Many explanations have been offered as to why Israel and the Palestinians came to the realization that the conflict could be resolved only by a negotiated settlement. Three factors are frequently cited: the intifada, the Gulf War and the end of the Cold War.
The intifada had a direct and significant impact on both parties. Over four years, Israel attempted all kinds of strategies to end the intifada with- out success. The situation escalated during 1990-1991, when the intifada spread into Israel's pre-1967 borders with stabbing attacks by Palestinians on Israeli civilians. Moreover, Israel's international reputation was suffering because of the actions taken against the Palestinian population under occupation. For the Palestinians, the intifada activated the struggle for independence in the occupied territories and strengthened the “inside” leadership, who wanted a two-state solution, that is, recognition of lsrael within the pre-1967 borders and a Palestinian state in the West Bank and the Gaza Strip. That process culminated in 1988 when the PLO implicitly recognized Israel and declared a Palestinian state in the West Bank and Gaza with Jerusalem as its capital.

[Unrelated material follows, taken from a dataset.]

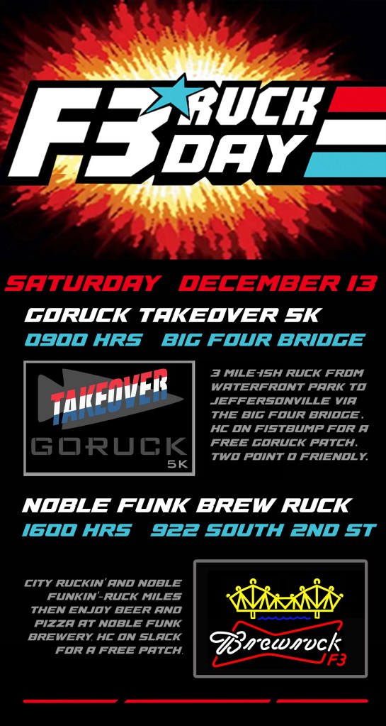 F3 Ruck Day Tomorrow! Posted bylukesharrettDecember 12, 2025Posted in#Louisville Share this:Share Share on X (Opens in new window) X Share on Facebook (Opens in new window) Facebook Email a link to a friend (Opens in new window) Email Share on WhatsApp (Opens in new window) WhatsApp Like Loading...

After the Gulf War, the PLO found itself in political and economic isolation as a consequence of its support for Saddam Hussein. For Israel, the Gulf War demonstrated that the United States did not necessarily regard Israel as a “strategic asset” in the region. With the end of the Cold War, United States was now able to build regional alliances with other Arab states, including Syria, There was concern in Israel as to the implications of the Gulf War and the end of the Cold War for the “special relationship” between the United States and Israel
With the end of superpower rivalry in the Middle East, a greater pragmatism toward the Arab-lsraeli conflict was discernible among Arab regimes. This encouraged the United States, after the Gulf War, to assume an active mediating approach to the Arab-Israeli conflict, aimed at facilitating a peace process. The U.S. administration actively sought the parties’ consent to convene a peace conference, which materialized at Madrid in 1991. This process involved a great deal of "pushing and pulling" by then Secretary of State James Baker, who "exercised precisely the right amount of pressure on all parties to ensure that the conference took place" (Peres 1995 316). Both Israel and the Palestinians reluctantly agreed to negotiate.